Melpo Merlier’s Contribution to Greek Music

For over forty years Melpo Merlier (1890-1979) was a central figure in the spiritual and artistic life of Greece. Most important was her contribution to the promotion of Modern Greek folk culture. In 1919 she became, in Paris, a friend and pupil of Maurice Emmanuel and André Pirro and an assistant to professor Perno, in his chair of Modern Greek at Sorbonne.
She was the first Greek woman to collect and notate Greek folk songs (Roumeli 1922). In 1923 she married Octave Merlier (1897-1976), who was to become later director of the French Institute in Athens. It was with him and a group of Greek intellectuals (Penelope Delta, Ph.
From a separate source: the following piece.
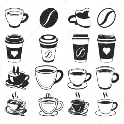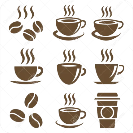 وکتور لوازم فروشگاه قهوه(قهوه ساز – شاخه درخت قهوه -اسکوپ حبوبات-کیسه قهوه-کاپ قهوه-لیوان قهوه-شاخه درخت قهوه)
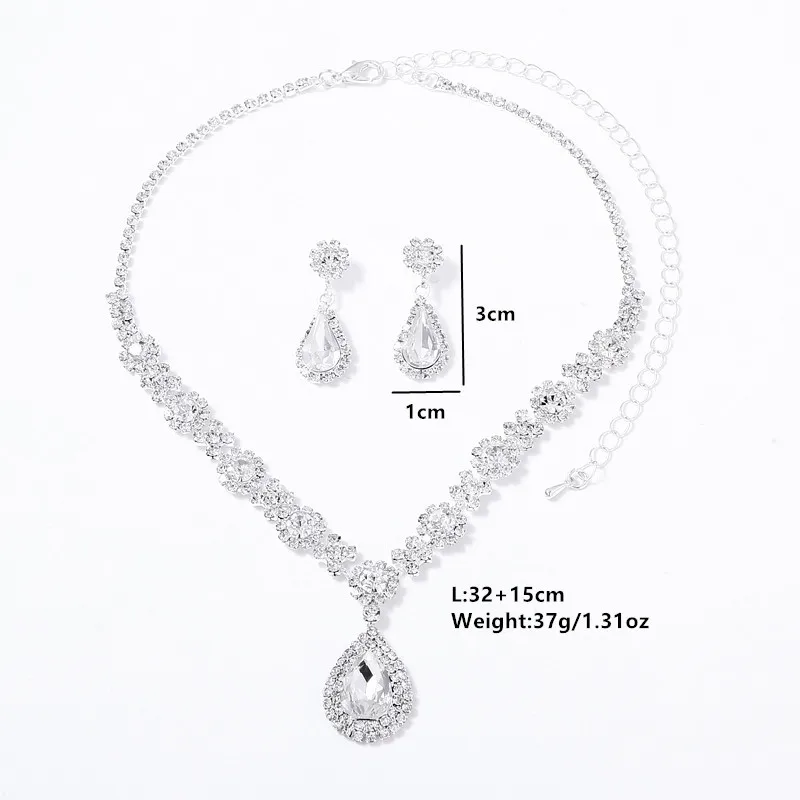 Rhinestone Flower Necklace Set for Women Choker Necklace and Earrings Party Birthday Wedding Dress Bridal Jewelry Sets Fashion

Dragoumis, I. Athanasiou, P. Mazarakis, Chrysanthos, bishop of Trebizond) that founded the Folk Song Society (named in 1935 Folk Music Archives and incorporated later to the Center of Asia Minor Studies, which was founded by her as well), on the lines of the Institute of Phonology in Paris.
A grant from the Greek government of Venizelos and technical equipment offered by the French Pathé, enabled the Folk Song Society to record in 1930-1931 222 78 r.p.m. plates of Greek folk music (A selection from those recordings is included in the LP entitled Folk Songs from the Melpo Merlier Collection, issued by Phonogram in 1975 in Athens).
As an ethnomusicologist, Melpo Merlier (who was also active as a pianist, music instructor and musicologist) contributed to the preservation of an invaluable treasure of folk songs.
The article includes a list of her writings.